2023-12-21 17:21:41,894 botocore.hooks [DEBUG] Event request-created.cloudfront-keyvaluestore.DescribeKeyValueStore: calling handler <bound method RequestSigner.handler of <botocore.signers.RequestSigner object at 0x107c935c0>>
2023-12-21 17:21:41,894 botocore.hooks [DEBUG] Event choose-signer.cloudfront-keyvaluestore.DescribeKeyValueStore: calling handler <function set_operation_specific_signer at 0x105c0e7a0>
2023-12-21 17:21:41,895 botocore.hooks [DEBUG] Event request-created.cloudfront-keyvaluestore.DescribeKeyValueStore: calling handler <function add_retry_headers at 0x105c30b80>
2023-12-21 17:21:41,895 botocore.endpoint [DEBUG] Sending http request: <AWSPreparedRequest ...>

SDK version used

boto3 1.34.4 (botocore 1.34.4)

Environment details (OS name and version, etc.)

macOS 13.6.3, Python 3.12.1

nzspambot commented 1 month ago

@pitkley since there is no update I will give you the fix from AWS Enterprise support:

https://docs.aws.amazon.com/AmazonCloudFront/latest/DeveloperGuide/cloudfront-function-restrictions.html#regional-endpoint-for-key-value-store

You must use a regional STS endpoint when calling the keyvalue api endpoint

Enjoy :)

RyanFitzSimmonsAK commented 2 weeks ago

Hi @pitkley, thanks for reaching out and for your patience. Are you still having trouble with this? If so, could you talk about how you're figuring your region in both Boto3 and AWS CLI? It might also be worthwhile looking at the sts_regional_endpoints configuration option, which will let you hit a regional endpoint as mentioned above. Thanks!

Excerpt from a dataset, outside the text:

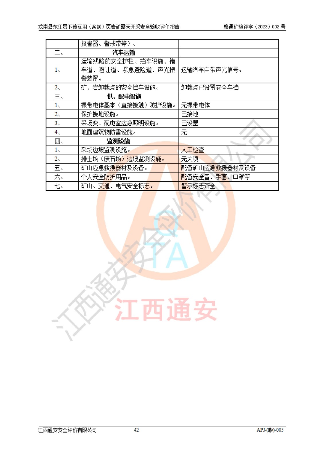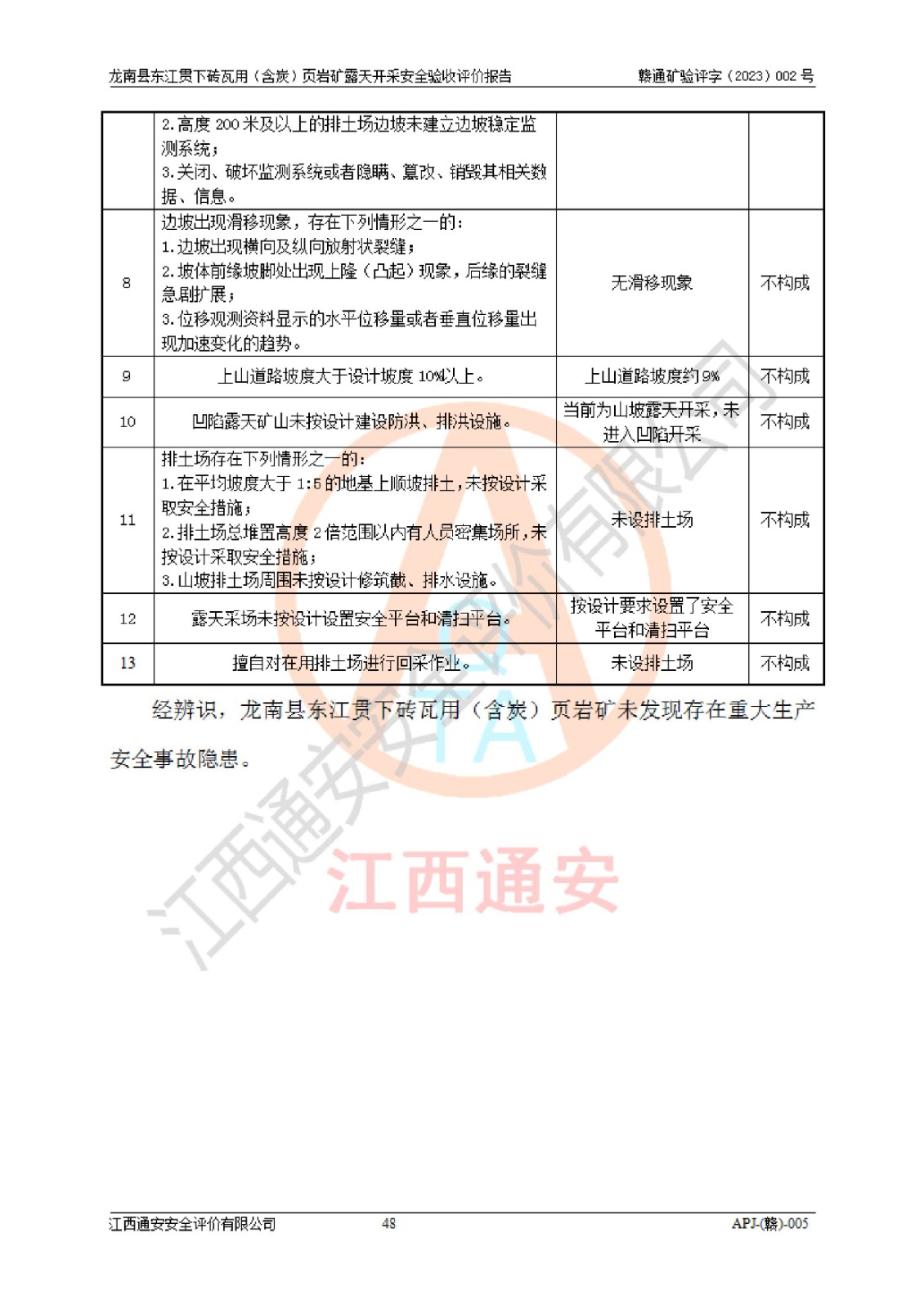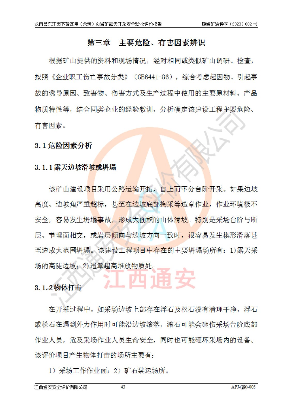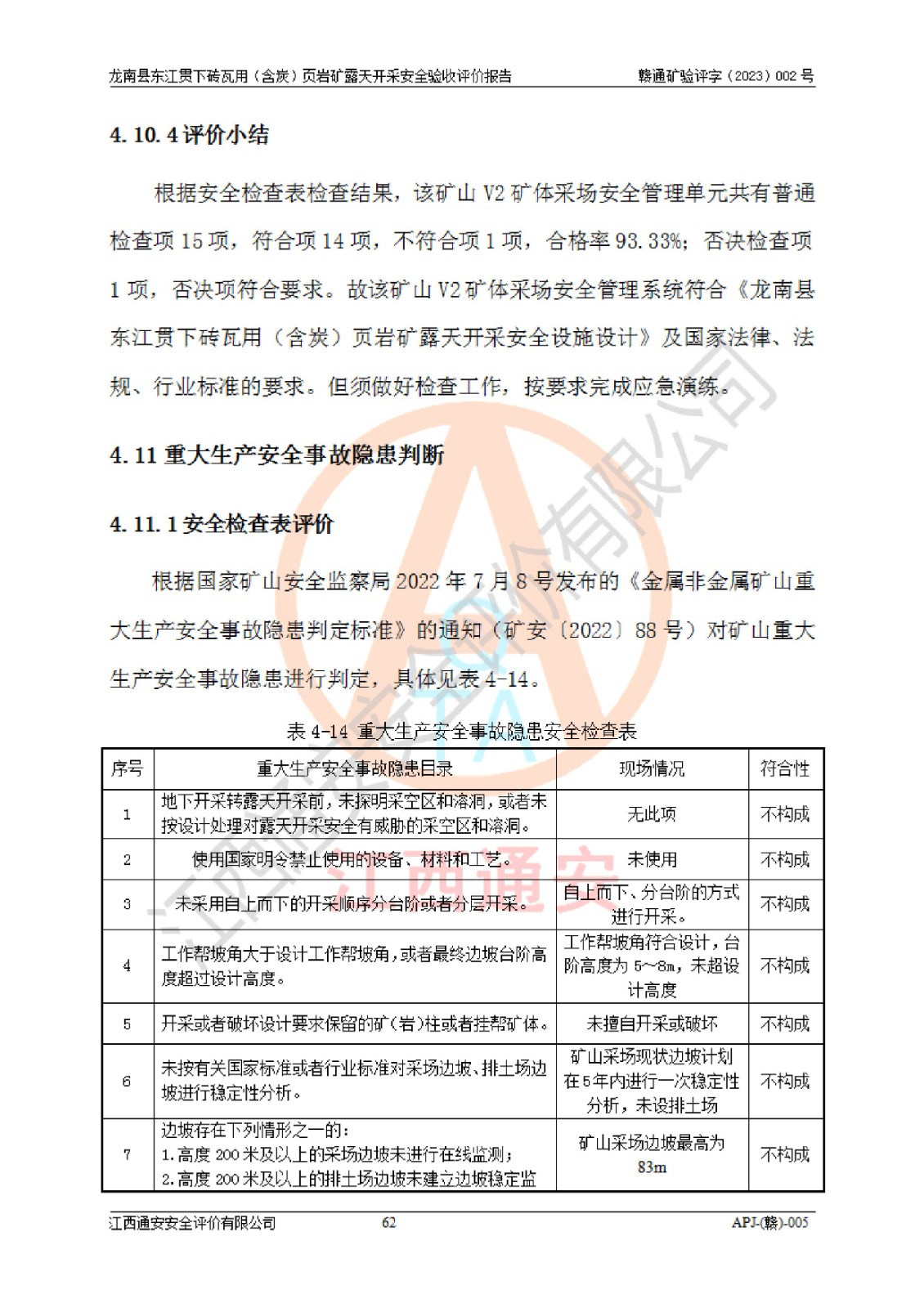 其它 | 1、该评价项目中存在的主要危险因素坍塌(滑坡)、**伤害、高处坠落、物体打击、触电、机械伤害、火灾、泥石流、淹溺等。 2、该评价项目中存在的有害因素包括:粉尘、噪声与振动、不良作业环境和其他不利的环境因素等。 3、该评价项目为页岩矿开采矿山,无瓦斯和自燃发火危险,水文地质条件属简单类型。该矿山无瓦斯和自燃发火危险。不使用有毒有害危险化学品药剂进行原矿深度加工,矿山开采未使用**明令禁止使用的设备、材料和工艺等,本建设项目不存在重大危险源。 上述主要危险、有害因素在采取本报告第五章中提出的安全对策措施后,能得到**控制。该项目从安全生产角度符合**有关安全生产法律、法规、规章和技术标准的要求,龙南县东江贯下砖瓦用(含炭)页岩矿露天开采项目,通过矿山基建和试生产,符合安全设施与主体工程同时设计、同时施工、同时投入生产和使用的要求;安全设施符合《龙南县东江贯下砖瓦用(含炭)页岩矿露天开采安全设施设计》的要求,龙南县东江贯下砖瓦用(含炭)页岩矿露天开采项目符合安全设施验收条件。 | ||||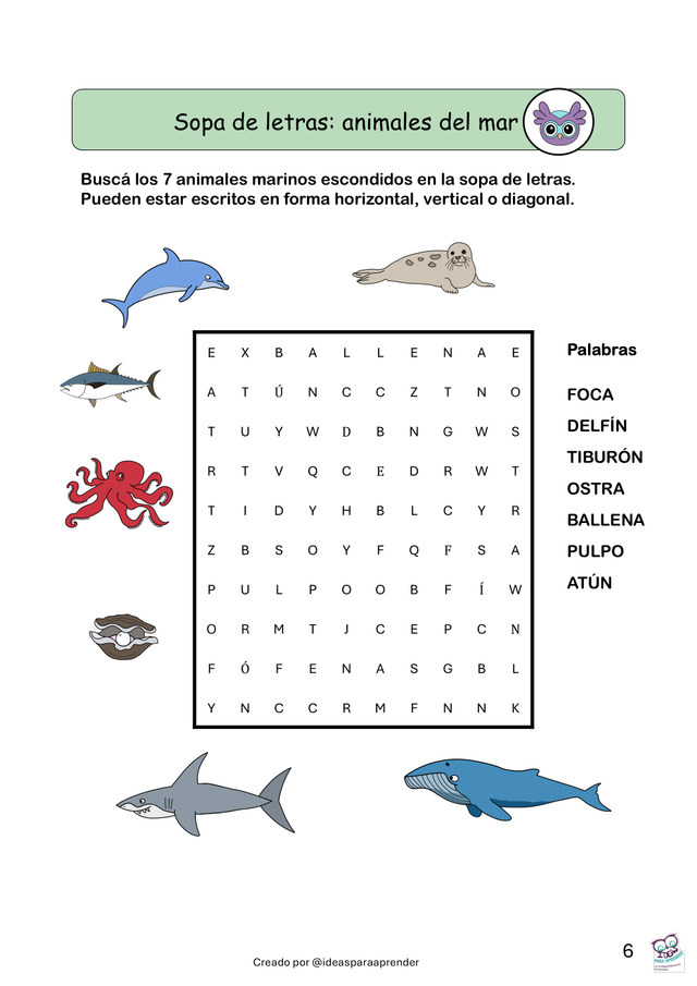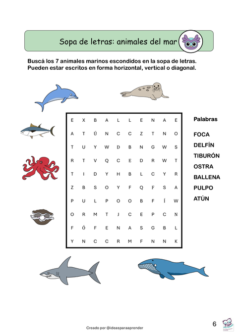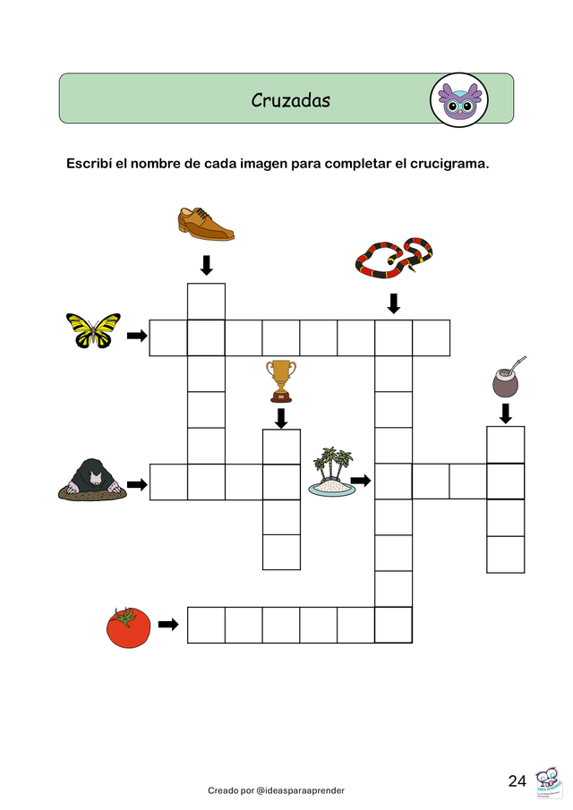 Cruzadas, sopas de letras y mensajes para descifrar Actividades que estimulan la lectoescritura, el vocabulario y la atención sostenida.

github-actions[bot] commented 1 week ago

Greetings! It looks like this issue hasn’t been active in longer than five days. We encourage you to check if this is still an issue in the latest release. In the absence of more information, we will be closing this issue soon. If you find that this is still a problem, please feel free to provide a comment or upvote with a reaction on the initial post to prevent automatic closure. If the issue is already closed, please feel free to open a new one.